| Collected data |
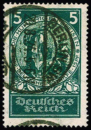 5 + 15 Pfg. Nothilfe mit Plattenfehler "HUNGR1GEN" ("1 statt I") tadellos und klar gestempelt. Es handelt sich um einen der seltensten Plattenfehler des Deutschen Reiches überhaupt, nur wenige Exemplare bekannt. Sign. G. Schlegel und Attest A. Schlegel. Mi. 3800,-
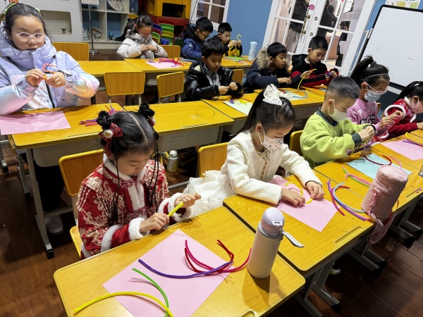 同学们在“相约龙博”课堂上了解了传统节日背后的含义,并在老师的带领下一起用“扭扭棒”做了手工,体验手工乐趣的同时,也加深了家国情怀。
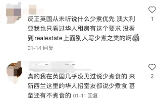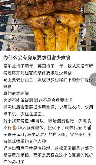 住在英国的华人表示,确实很少遇到“少煮食”的要求,但是在澳洲、新西兰就有看到过。的确有网友在澳大利亚租房,遇到了很多“少煮”的房子,在网上吐槽。“反正看到少煮两个字的房子我不会再租。”
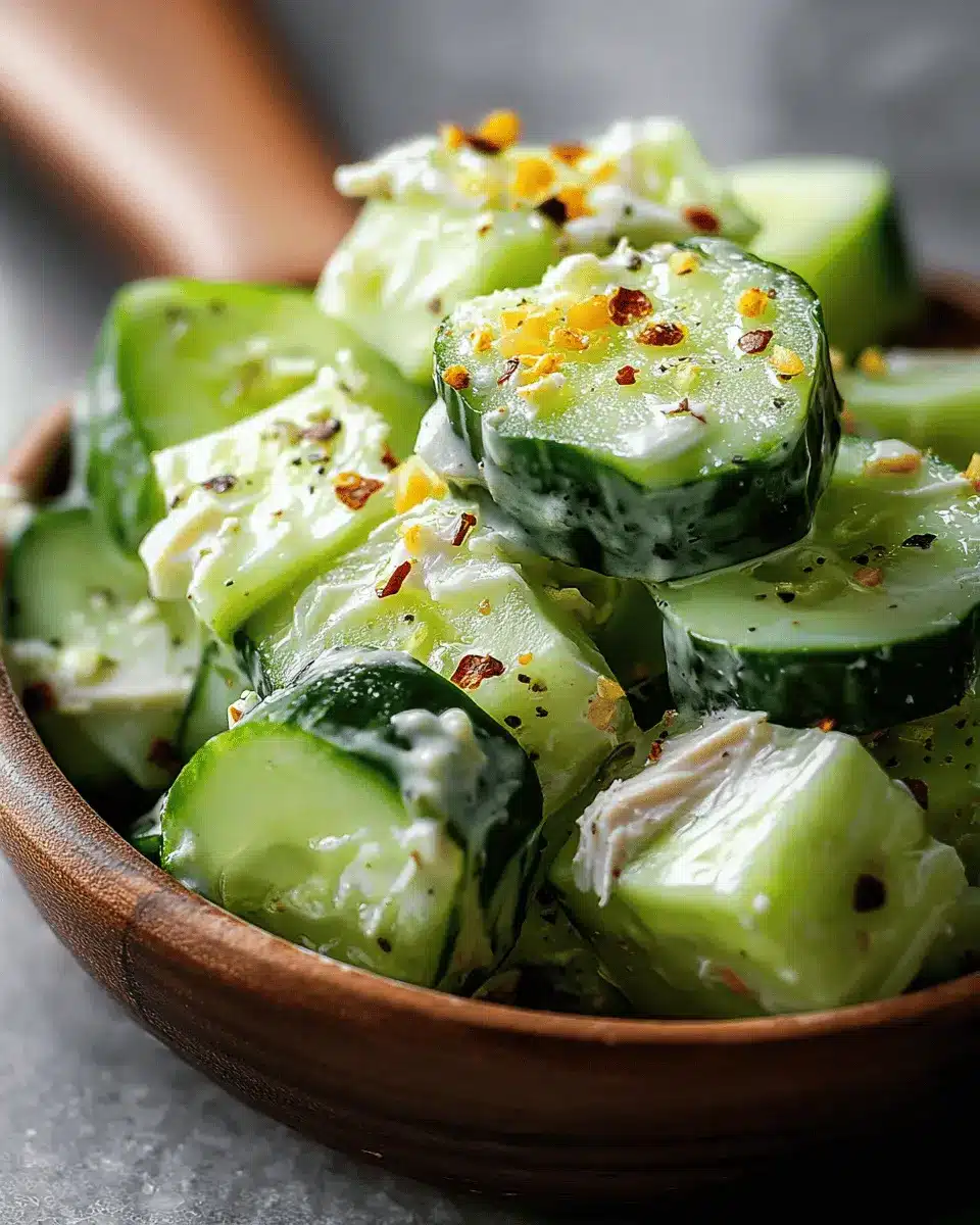 Looking to customize your Cucumber Snack Bowl? Swap out the chicken for other proteins like tofu, shrimp, or hard-boiled eggs. Tofu adds a creamy texture and is a fantastic plant-based option for vegetarians. Shrimp brings a delightful oceanic flavor, while hard-boiled eggs provide a filling boost of protein. Each option brings its unique taste, making your snack bowl even more exciting. Try experimenting to discover which protein suits your palate best!

| What you need to do |
Every line above is to be returned exactly, with its pictures removed.

| Task answer |
 5 + 15 Pfg. Nothilfe mit Plattenfehler "HUNGR1GEN" ("1 statt I") tadellos und klar gestempelt. Es handelt sich um einen der seltensten Plattenfehler des Deutschen Reiches überhaupt, nur wenige Exemplare bekannt. Sign. G. Schlegel und Attest A. Schlegel. Mi. 3800,-
 同学们在“相约龙博”课堂上了解了传统节日背后的含义,并在老师的带领下一起用“扭扭棒”做了手工,体验手工乐趣的同时,也加深了家国情怀。
 住在英国的华人表示,确实很少遇到“少煮食”的要求,但是在澳洲、新西兰就有看到过。的确有网友在澳大利亚租房,遇到了很多“少煮”的房子,在网上吐槽。“反正看到少煮两个字的房子我不会再租。”
 Looking to customize your Cucumber Snack Bowl? Swap out the chicken for other proteins like tofu, shrimp, or hard-boiled eggs. Tofu adds a creamy texture and is a fantastic plant-based option for vegetarians. Shrimp brings a delightful oceanic flavor, while hard-boiled eggs provide a filling boost of protein. Each option brings its unique taste, making your snack bowl even more exciting. Try experimenting to discover which protein suits your palate best!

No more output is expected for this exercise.